== DIRECTIONS FOR THIS TASK ==
From the line holding "La Roche-Posay Mat" through the line holding "イエベ秋です。韓国リップは人" below, write out every line exactly; include both of those lines and drop the pictures.

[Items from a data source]
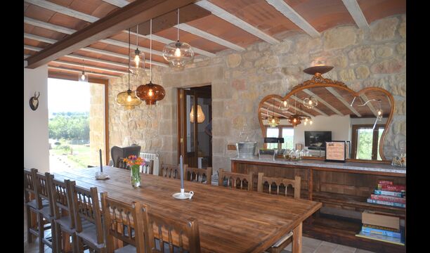 Fra terrassen kan du nyde den imponerende udsigt over de grønne catalanske bakker. De udendørs måltider kan nydes ved det lange spisebord på den store terrasse. Hjemmelavede måltider kan kun anbefales, da det hvide moderne indendørs køkken også suppleres af et overdækket udekøkken. El Oreña er desuden yderst familievenligt. I ferieboligen er der en lille legeplads med rutsjebane og gynger, og man kan holde øje med børnene, når de svømmer og leger i det indhegnede poolområde. Swimmingpoolen er ligeledes børnevenlig.
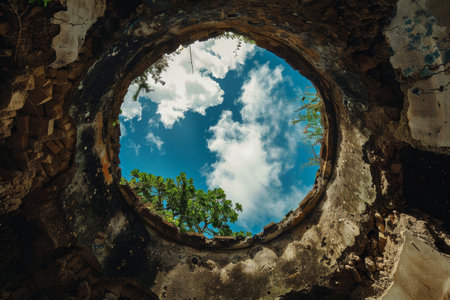 Looking up through a round hole in a derelict building reveals a vibrant sky filled with clouds and a tree peeking through, blending nature and history.
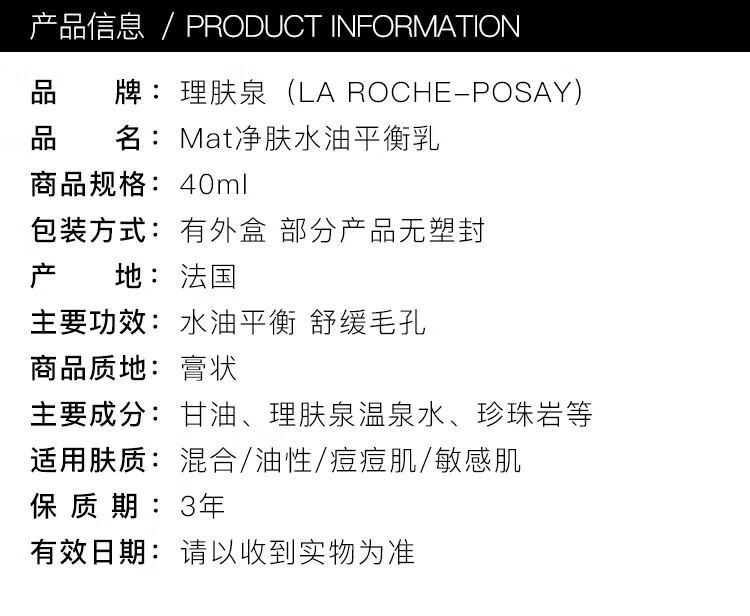 La Roche-Posay Mat whey acne purifying water and oil balancing lotion 40ml soothing and repairing imported men and women gifts
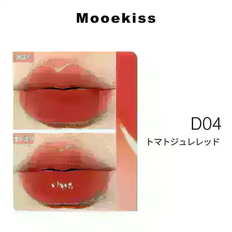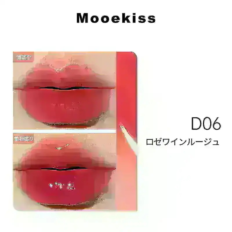 イエベ秋です。韓国リップは人気があるのをつけても荒れるんですが、これは荒れませんでした。見た目ほど濃くなくてD03番は自分にピッタリな色でした。おまけがついてきました。おまけの色は01番で濃い深みのある赤で全く似合わなかったんですが、ティッシュオフしてmooekissのグロスをつけたら何とか使えるかなーと思いました(おまけなので)。
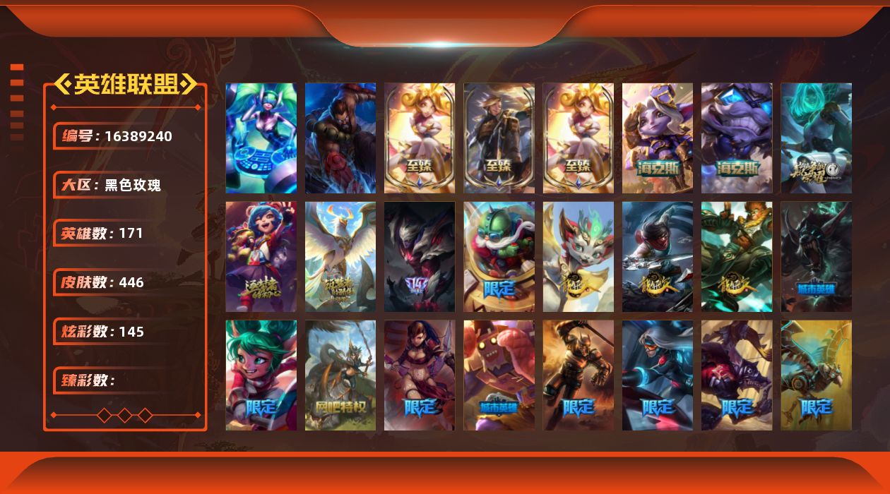 [16543928]【店主推荐捡漏号】未定级段位-172英雄-1026皮肤-737炫彩-4终极-53神话-173限定-99传说-212史诗 【神话皮肤】:十周年纪念安妮,源代码乐芙兰,十五周年纪念希维尔,暗星科加斯,神凰行者瑞羽圣凰艾尼维亚,水晶掠夺者卡兹克,海克斯科技崔丝塔娜,海克斯科技卡萨丁,海克斯科技克格莫,海克斯科技雷克顿,海克斯科技斯维因,恐惧新星德莱厄斯,摄魂使者薇恩,至臻真实伤害赛娜,至臻真实伤害亚索,至臻青花瓷千珏,至臻奥术师佐伊,至臻电玩女神凯特琳,至臻电玩女神凯特琳2022,至臻斗魂觉醒派克,至臻海之歌萨勒芬妮,至臻黑夜使者李青,至臻黑夜使者李青2022,至臻kda阿卡丽,至臻kda阿卡丽2022,至臻kda阿狸,至臻kda卡莎,至臻kda卡莎2022,至臻烈焰美人薇恩,至臻烈焰美人薇恩2022,至臻灵能特工伊泽瑞尔,至臻魅惑女巫厄运小姐,至臻魔女乐芙兰,至臻女帝黛安娜,至臻绒毛菲兹,至臻绒毛菲兹2022,至臻神龙尊者均衡之龙沃利贝尔,至臻神龙尊者炎龙瑟提,至臻王国机神玄武盖伦,至臻未来战士锤石,至臻未来战士锤石2022,至臻未来战士卢锡安,至臻西部魔影猎天使恶魔泰隆,至臻腥红之月亚托克斯,至臻腥红之月亚托克斯2022,至臻星之守护者艾克,至臻星之守护者妮蔻,至臻源计划正义艾瑞莉娅,至臻源计划正义艾瑞莉娅2022,至臻玉剑传说武剑仙,至臻玉剑传说武剑仙2022,至臻战斗学院拉克丝,至臻战斗学院拉克丝2022 【珍稀头像】:至爱的鹿头像 【热门头像】:爱情之歌头像,觅心之翼奎因头像,玉剑传说舞剑仙头像 【至臻皮肤】:至臻魔女乐芙兰,至臻魅惑女巫厄运小姐,至臻源计划正义艾瑞莉娅,至臻源计划:正义艾瑞莉娅2022,至臻电玩女神凯特琳,至臻电玩女神凯特琳2022,至臻黑夜使者李青,至臻黑夜使者李青2022,至臻烈焰美人薇恩,至臻烈焰美人薇恩2022,至臻灵能特工伊泽瑞尔,至臻kda阿卡丽,至臻kda阿卡丽2022,至臻王国机神玄武盖伦,至臻西部魔影猎天使恶魔泰隆,至臻玉剑传说武剑仙锐雯,至臻玉剑传说武剑仙2022,至臻战斗学院拉克丝,至臻战斗学院拉克丝2022,至臻kda阿狸,至臻绒毛菲兹,至臻绒毛菲兹2022,至臻神龙尊者均衡之龙沃利贝尔,至臻女帝黛安娜,至臻奥术师佐伊,至臻kda卡莎,至臻kda卡莎2022,至臻海之歌萨勒芬妮,至臻

== EXERCISE RESPONSE ==
 La Roche-Posay Mat whey acne purifying water and oil balancing lotion 40ml soothing and repairing imported men and women gifts
 イエベ秋です。韓国リップは人気があるのをつけても荒れるんですが、これは荒れませんでした。見た目ほど濃くなくてD03番は自分にピッタリな色でした。おまけがついてきました。おまけの色は01番で濃い深みのある赤で全く似合わなかったんですが、ティッシュオフしてmooekissのグロスをつけたら何とか使えるかなーと思いました(おまけなので)。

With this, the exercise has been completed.